*** Opening of Source material ***

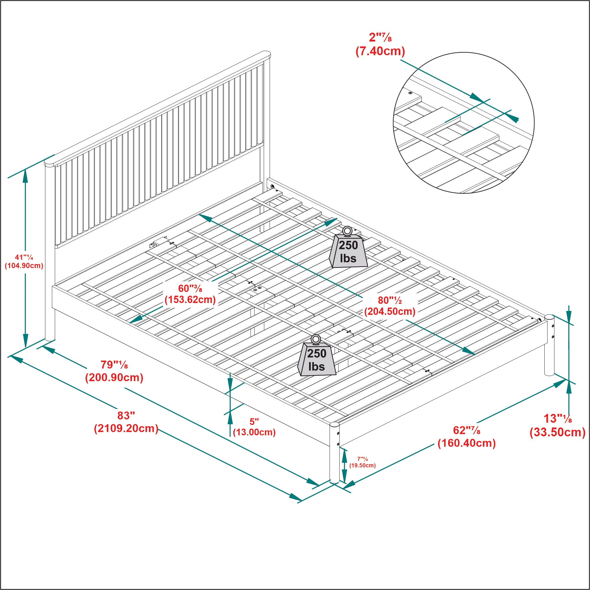 - Dimensions: ORLB5CBL Contemporary Reeded Headboard Solid Wood Queen Bed - 41.25" H x 83" L x 62.88" W
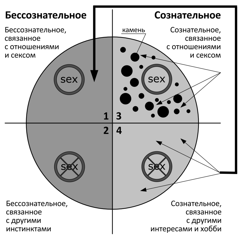 «Сознательное, связанное с сексом» (часть 3) — это чёрный ящик. Мы никогда не знаем, что там есть и чего там нет. Это работа для психолога, а в соблазнении нам не нужно над этим париться. Психологи, между прочим, самые смешные соблазнители, они всегда говорят о проблемах человека и лечат их.
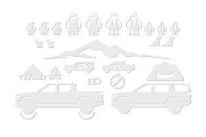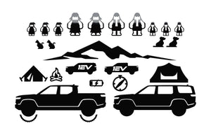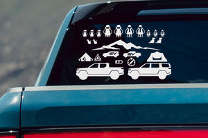 Team 1EV engineers developed a super fun family and pet vinyl window sticker decal kit for the Rivian R1T and R1S enthusiasts. This unique and exclusive kit will be a lot of fun for the family and allow for personalizing their window with the adventure scene of choice!
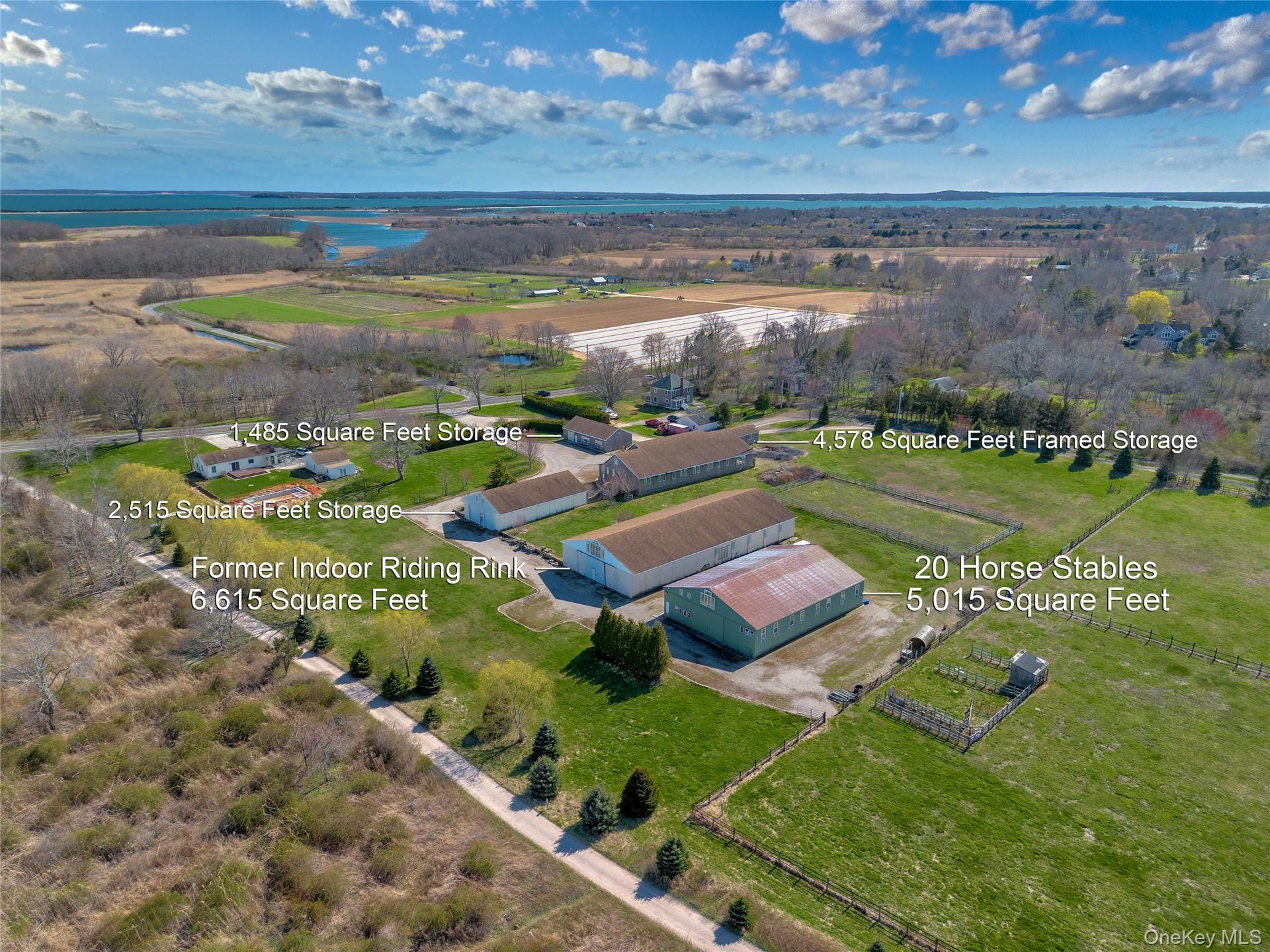 This exceptional property offers a unique opportunity to own a versatile, three-part agricultural estate in the coveted hamlet of Orient, NY, boasting approximately 20,209 square feet of interior space across multiple structures. Situated in a picturesque North Fork setting, the estate perfectly blends agricultural functionality, equestrian potential, and residential living.

*** Close of Source material ***

• _Problem statement_: Pictures are to be omitted from the copy. Reproduce exactly, and only, the lines from the one containing "Team 1EV engineers" to the end of the listing above.

• _Response to the task_:
 Team 1EV engineers developed a super fun family and pet vinyl window sticker decal kit for the Rivian R1T and R1S enthusiasts. This unique and exclusive kit will be a lot of fun for the family and allow for personalizing their window with the adventure scene of choice!
 This exceptional property offers a unique opportunity to own a versatile, three-part agricultural estate in the coveted hamlet of Orient, NY, boasting approximately 20,209 square feet of interior space across multiple structures. Situated in a picturesque North Fork setting, the estate perfectly blends agricultural functionality, equestrian potential, and residential living.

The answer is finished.